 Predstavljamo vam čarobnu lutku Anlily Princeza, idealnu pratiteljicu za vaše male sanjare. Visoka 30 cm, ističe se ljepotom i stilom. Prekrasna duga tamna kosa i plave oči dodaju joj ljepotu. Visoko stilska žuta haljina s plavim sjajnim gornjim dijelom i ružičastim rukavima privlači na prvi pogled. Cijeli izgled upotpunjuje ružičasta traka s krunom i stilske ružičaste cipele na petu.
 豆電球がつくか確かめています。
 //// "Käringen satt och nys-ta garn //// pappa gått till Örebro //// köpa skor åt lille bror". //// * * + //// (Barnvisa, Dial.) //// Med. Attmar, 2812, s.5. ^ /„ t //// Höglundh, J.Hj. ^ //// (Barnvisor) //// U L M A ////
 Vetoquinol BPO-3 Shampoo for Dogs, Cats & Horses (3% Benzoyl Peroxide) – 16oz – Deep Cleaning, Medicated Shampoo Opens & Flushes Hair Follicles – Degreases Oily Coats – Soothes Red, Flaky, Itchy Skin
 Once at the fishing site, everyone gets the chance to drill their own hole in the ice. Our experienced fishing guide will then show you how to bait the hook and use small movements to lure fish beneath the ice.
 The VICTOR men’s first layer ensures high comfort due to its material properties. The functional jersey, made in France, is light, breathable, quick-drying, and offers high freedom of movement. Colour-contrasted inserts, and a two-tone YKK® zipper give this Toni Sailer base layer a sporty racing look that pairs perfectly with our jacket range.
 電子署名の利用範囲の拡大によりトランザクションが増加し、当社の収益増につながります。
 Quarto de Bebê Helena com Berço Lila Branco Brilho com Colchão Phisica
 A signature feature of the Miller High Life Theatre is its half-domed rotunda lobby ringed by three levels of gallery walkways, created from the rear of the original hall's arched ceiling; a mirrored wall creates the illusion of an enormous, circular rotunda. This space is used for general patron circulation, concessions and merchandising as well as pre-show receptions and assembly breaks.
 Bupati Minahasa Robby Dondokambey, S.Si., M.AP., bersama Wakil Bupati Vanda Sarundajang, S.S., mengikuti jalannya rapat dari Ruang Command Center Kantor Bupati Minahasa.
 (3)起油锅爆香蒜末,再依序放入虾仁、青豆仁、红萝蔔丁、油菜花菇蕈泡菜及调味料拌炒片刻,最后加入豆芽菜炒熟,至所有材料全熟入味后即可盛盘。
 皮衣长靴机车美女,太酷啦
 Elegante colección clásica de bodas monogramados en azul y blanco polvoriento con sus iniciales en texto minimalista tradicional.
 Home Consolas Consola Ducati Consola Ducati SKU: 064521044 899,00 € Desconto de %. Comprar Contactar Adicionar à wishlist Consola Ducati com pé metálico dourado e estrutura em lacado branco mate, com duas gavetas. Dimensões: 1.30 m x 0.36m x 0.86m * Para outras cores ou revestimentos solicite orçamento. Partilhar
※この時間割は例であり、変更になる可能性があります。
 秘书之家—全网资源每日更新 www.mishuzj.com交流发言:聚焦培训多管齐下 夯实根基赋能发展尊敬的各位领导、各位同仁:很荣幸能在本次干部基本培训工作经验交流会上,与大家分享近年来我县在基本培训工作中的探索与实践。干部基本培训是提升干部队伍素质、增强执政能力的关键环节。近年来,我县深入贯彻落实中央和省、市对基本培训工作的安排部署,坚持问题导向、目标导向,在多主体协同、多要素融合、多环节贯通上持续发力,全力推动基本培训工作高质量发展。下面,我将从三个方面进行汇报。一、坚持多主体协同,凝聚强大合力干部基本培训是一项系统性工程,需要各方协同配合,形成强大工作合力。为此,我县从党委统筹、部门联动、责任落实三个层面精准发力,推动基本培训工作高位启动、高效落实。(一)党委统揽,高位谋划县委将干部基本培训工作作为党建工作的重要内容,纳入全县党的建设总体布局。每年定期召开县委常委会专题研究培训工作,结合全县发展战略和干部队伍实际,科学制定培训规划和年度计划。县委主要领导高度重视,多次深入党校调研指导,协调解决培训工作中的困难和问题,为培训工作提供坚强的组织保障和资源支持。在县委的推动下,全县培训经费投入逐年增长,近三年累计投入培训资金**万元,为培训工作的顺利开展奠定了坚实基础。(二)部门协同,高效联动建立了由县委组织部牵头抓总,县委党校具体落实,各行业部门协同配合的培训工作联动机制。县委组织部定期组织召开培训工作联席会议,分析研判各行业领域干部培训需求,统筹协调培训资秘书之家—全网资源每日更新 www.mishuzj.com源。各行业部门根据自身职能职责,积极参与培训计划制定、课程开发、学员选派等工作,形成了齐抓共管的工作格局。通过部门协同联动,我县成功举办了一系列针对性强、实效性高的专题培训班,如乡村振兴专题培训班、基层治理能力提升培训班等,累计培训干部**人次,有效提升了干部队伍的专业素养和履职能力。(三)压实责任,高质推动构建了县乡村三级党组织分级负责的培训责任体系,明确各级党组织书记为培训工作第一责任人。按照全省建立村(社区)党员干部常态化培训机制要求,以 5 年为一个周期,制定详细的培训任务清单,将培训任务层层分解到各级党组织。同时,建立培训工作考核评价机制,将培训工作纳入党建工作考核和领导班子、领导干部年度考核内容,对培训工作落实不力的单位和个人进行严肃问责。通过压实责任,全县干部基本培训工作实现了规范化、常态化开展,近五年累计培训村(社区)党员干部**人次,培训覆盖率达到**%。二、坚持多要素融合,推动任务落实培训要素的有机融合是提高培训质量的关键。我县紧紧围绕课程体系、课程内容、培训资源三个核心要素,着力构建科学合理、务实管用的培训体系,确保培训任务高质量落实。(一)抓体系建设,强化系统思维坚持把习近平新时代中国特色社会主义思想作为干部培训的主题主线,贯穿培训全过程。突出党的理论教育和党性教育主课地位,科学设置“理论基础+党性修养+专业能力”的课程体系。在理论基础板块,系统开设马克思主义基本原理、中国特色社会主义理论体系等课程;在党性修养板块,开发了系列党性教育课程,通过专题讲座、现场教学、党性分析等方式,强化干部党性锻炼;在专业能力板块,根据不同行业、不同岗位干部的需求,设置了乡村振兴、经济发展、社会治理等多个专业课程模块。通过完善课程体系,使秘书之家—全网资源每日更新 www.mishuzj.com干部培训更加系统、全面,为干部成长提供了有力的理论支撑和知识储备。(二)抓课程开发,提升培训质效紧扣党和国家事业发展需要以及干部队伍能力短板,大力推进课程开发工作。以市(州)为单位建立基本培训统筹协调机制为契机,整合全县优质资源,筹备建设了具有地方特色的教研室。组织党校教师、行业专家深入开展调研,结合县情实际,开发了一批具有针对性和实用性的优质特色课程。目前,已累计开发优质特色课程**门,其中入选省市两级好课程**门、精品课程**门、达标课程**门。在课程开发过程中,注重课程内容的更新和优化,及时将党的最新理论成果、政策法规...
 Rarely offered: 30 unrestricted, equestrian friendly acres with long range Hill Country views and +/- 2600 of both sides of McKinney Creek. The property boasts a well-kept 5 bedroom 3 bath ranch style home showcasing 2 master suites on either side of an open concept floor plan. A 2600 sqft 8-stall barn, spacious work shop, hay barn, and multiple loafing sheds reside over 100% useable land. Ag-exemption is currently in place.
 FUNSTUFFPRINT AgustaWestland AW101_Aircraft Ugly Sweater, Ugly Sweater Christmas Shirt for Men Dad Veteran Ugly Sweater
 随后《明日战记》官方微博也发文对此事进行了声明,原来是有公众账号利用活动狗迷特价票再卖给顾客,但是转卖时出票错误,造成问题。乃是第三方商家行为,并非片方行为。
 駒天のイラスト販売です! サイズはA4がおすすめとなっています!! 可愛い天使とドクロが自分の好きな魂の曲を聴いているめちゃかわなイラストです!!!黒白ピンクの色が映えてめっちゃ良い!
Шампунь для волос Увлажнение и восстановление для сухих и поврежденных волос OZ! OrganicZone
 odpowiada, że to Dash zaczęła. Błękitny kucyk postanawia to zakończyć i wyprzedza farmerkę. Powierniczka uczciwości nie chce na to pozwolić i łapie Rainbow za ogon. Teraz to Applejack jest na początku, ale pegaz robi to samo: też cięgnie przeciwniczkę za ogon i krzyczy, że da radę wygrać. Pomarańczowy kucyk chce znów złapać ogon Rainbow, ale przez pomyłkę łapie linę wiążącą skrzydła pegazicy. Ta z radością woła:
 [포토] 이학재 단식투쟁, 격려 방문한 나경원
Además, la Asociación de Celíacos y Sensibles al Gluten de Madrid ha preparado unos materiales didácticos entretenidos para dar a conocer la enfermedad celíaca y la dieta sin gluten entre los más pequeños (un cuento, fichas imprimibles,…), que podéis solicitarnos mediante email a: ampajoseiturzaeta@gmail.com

* **What to do**
From the very first line of the records down to the line with "豆電球がつくか確かめています。", please write out each line exactly, including both ends and no other lines.

* **Answer box**
 Predstavljamo vam čarobnu lutku Anlily Princeza, idealnu pratiteljicu za vaše male sanjare. Visoka 30 cm, ističe se ljepotom i stilom. Prekrasna duga tamna kosa i plave oči dodaju joj ljepotu. Visoko stilska žuta haljina s plavim sjajnim gornjim dijelom i ružičastim rukavima privlači na prvi pogled. Cijeli izgled upotpunjuje ružičasta traka s krunom i stilske ružičaste cipele na petu.
 豆電球がつくか確かめています。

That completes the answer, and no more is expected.